Now, subtract (or add) the same amount from (to) each x_u will not change the min. Hence, we can replace each vector \mathbf x \in \mathbb R^n by \mathbf z \in \mathbb R^n where z_u = x_u - \frac 1 n \sum_v x_v. This way, \sum_u z_u = 0, or simply \mathbf z \perp \mathbf 1. Consequently,

\displaystyle{\phi(G) \geq \min_{\mathbf z \in \mathbb R^n, \mathbf z \neq \mathbf 0, \mathbf z \perp \mathbf 1} \frac{\sum_{uv\in E}(z_u-z_v)^2}{\frac{1}{2n} \sum_u\sum_v (z_u-z_v)^2}}

Now, let \mathbf A be the adjacency matrix of G, then it can be verified straightforwardly that

\sum_{uv\in E}(z_u-z_v)^2 = d\mathbf z^T\mathbf z - \mathbf z^T\mathbf A\mathbf z

Moreover, if \mathbf z \perp \mathbf 1, then \frac{1}{2n} \sum_u\sum_v (z_u-z_v)^2 = \mathbf z^T\mathbf z. Consequently,

\displaystyle{\phi(G) \geq \min_{\mathbf z \in \mathbb R^n, \mathbf z \neq \mathbf 0, \mathbf z \perp \mathbf 1} \left( d - \frac{\mathbf z^T\mathbf A\mathbf z}{\mathbf z^T\mathbf z} \right) = d - \max_{\mathbf z \in \mathbb R^n, \mathbf z \neq \mathbf 0, \mathbf z \perp \mathbf 1} \frac{\mathbf z^T\mathbf A\mathbf z}{\mathbf z^T\mathbf z} = d-\lambda_2}

For a more elaborate discussion on Cheeger-Alon-Milman inequality, see a nice series of posts by Luca Trevisan on the topic.

Lecture 5: Expanders, Probabilistic Proof of Existence

Posted in lectures by HQN on September 14, 2008

We gave a proof showing that most regular graphs are good (edge/vertex) expanders. In terms of edge-expansion, Bella Bollobas in this paper showed that, for every d\geq 3, most random d-regular graphs have edge-expansion rate (i.e. edge-isoperimetric number) at least d/2 - c_1\sqrt d for some constant c_1. (Specifically, we can set c_1=\sqrt{\lg 2}. On the other hand, given any d-regular graph G of order n, if we select a random subset U of vertices of size \lfloor n/2 \rfloor, then the expected number of edges crossing the (U,\bar U) cut is \frac{\frac{dn}{2}\lfloor n/2 \rfloor \lceil n/2 \rceil}{\binom n 2}

So the edge-isoperimetric number is bounded above by \frac d 2 \frac{n+1}{n-1}. Thus, for large graphs the edge expansion rate is (roughly) at most \frac d 2.

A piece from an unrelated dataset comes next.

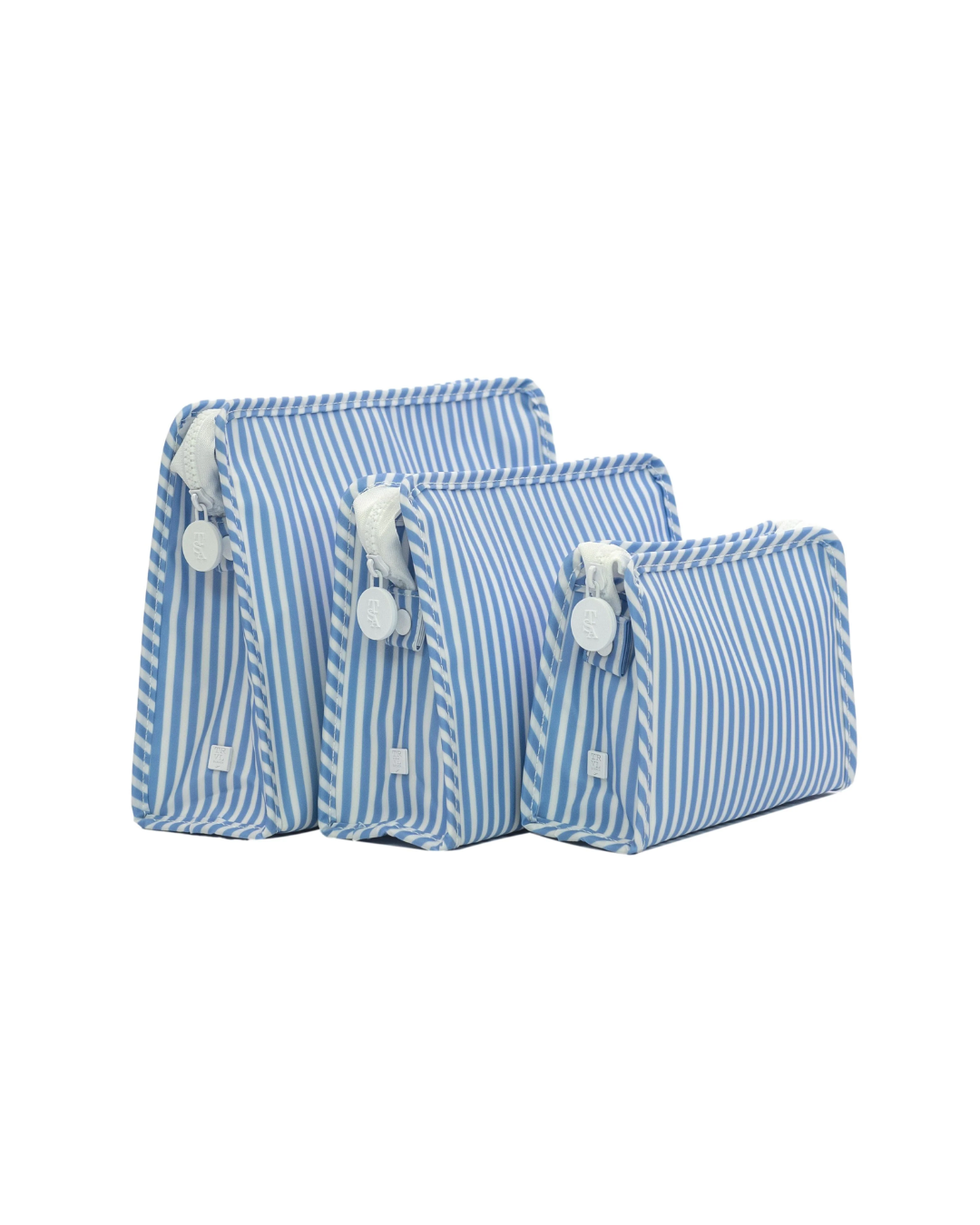 Our best-selling Roadies are made in a cotton gingham with a thin matte coating, an inside slip pocket and exterior snap open zip tabs for a wider opening and an easier access.

Better yet, Noga Alon proved in this paper that there is a constant c_2 such that the edge-isoperimetric number of any d-regular graph (with sufficiently large number of vertices) is at most d/2 - c_2 \sqrt d.

In summary, we can roughly think of edge-isoperimetric numbers of random d-regular graphs to be about d/2 - \Theta(\sqrt d).

For small values of d, Bollobas’ analysis yields the following. For every sufficiently large n,

  • there exists a (n,3,2/11)-edge expander
  • there exists a (n,4,11/25)-edge expander
  • there exists a (n,5,18/25)-edge expander
  • there exists a (n,6,26/25)-edge expander
  • there exists a (n,9,2.06)-edge expander

Lecture 4: Proof that PCP Theorem is equivalent to hardness of Gap-Max-SAT

Posted in lectures by HQN on September 8, 2008

In today’s lecture, I proved that the PCP theorem is equivalent to the fact that

  • Gap-MaxE3SAT_{1,s} is NP-Hard for some constant s \in (0,1)

From the fact, it’s easy to show that

  • MaxE3SAT is NP-Hard to approximate to within some constant \alpha <1

I also outlined things that will be discussed about expanders.

Lecture 3: Outline of Dinur’s Proof

Posted in lectures by HQN on September 5, 2008

In today’s lecture, I discussed the following:

  1. A list of results regarding various PCPs following the outline in Madhu Sudan’s lecture notes (See Section 2.2. on History of Results).
  2. Mentioned that the PCP theorem is equivalent to the NP-Hardness of Gap-MaxE3SAT_{1,s} for some constant s \in (0,1), which is equivalent to the NP-Hardness of approximating MaxE3SAT to a certain constant ratio \alpha<1.
  3. Defined the so-called Gap-Max-CG-\Sigma_{1,s} problem, whose NP-Hardness is also equivalent to the PCP theorem
  4. Briefly showed one direction of the PCP theorem, namely PCP[O(log n), O(1)]\subseteq NP
  5. Outlined Dinur’s proof of the PCP theorem.

Another article of interest is from Radnakrishnan and Sudan.

On Monday, I will prove #2 above formally, and start talking about expanders.